Activism is apparently a growth industry, according to the latest figures from Preqin.
Last year saw the launch of 28 activist hedge funds—more than double the 12- fund total in 2012, and the 11 funds launched in 2011. In fact, the total was the highest since 2007.
Activist funds outperformed last year too, returning an average of 11.82% in 2013 compared to 7.88% for the broader hedge fund industry. That's also true on an annualized basis over the past five years—activist hedge funds have returned an average of 12.73% versus 11.74% for hedge funds overall.
But the news is not all rosy: activism is associated with higher volatility—8-14% compared to an industry average of 5-10% over the past five years. This means that risk-adjusted returns for activist hedge funds are lower than the industry average.
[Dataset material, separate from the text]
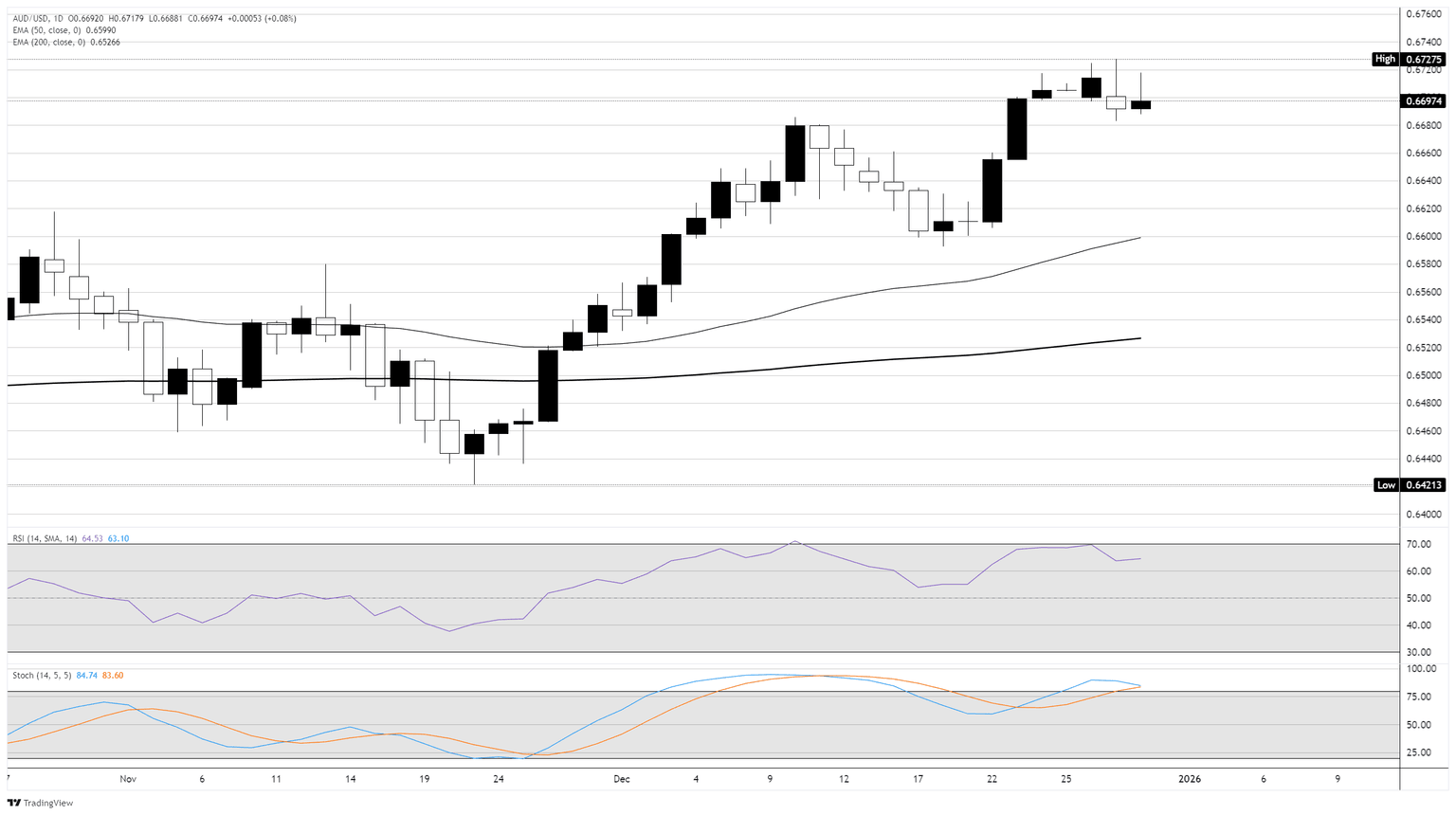 AUD/USD se mantuvo en el nivel de 0.6700 por segundo día consecutivo mientras el par Dólar australiano lucha con los volúmenes de mercado de fin de año que restringen el impulso general. El Dólar australiano mira hacia arriba a medida que el Banco de la Reserva de Australia (RBA) se acerca a un nuevo ciclo de subida de tasas, con el Dólar estadounidense (USD) bajo presión en todos los frentes debido a una Reserva Federal (Fed) moderada que se prepara para más recortes de tasas hasta 2026.

The three-year Sharpe ratio (risk free rate = 2%) as of April 30, 2014 was 0.52 for activists compared to 0.77 for hedge funds overall.
In regional terms, North America is clearly the center of the activist universe, home to 66% of activist hedge funds and to 90% of institutional investors with a preference for activist investing. Activists focused on North America posted an average return of 16.98% in the 12-month period ending April 30, 2014.
Elliott International is the largest activist hedge fund, with $15.6 billion in assets under management, and also boasts the highest number of commitments from institutional investors.
“Hedge funds using shareholder activism as a method of investment have been a big talking point in the industry in recent years,” said Preqin's Amy Bensted, in a statement. “As activism becomes a more widely utilized approach, fund managers are increasingly seeing viable opportunities for investment in this area, with 2013 seeing the highest number of activist fund launches since 2007. These funds appear to be growing in terms of both numbers and size, with Preqin data indicating that activist hedge funds now account for more than $100 billion in assets.
“Activist hedge funds have performed well in recent years when compared to the overall hedge fund benchmark, but there is an increased volatility associated with this outperformance, and this means that the returns of activist hedge funds fall short of the asset class as a whole when considered on a risk-adjusted basis. However, activism remains a strategy to watch over the next few years, and it will be interesting to see if this investment approach becomes more widespread globally in the future.”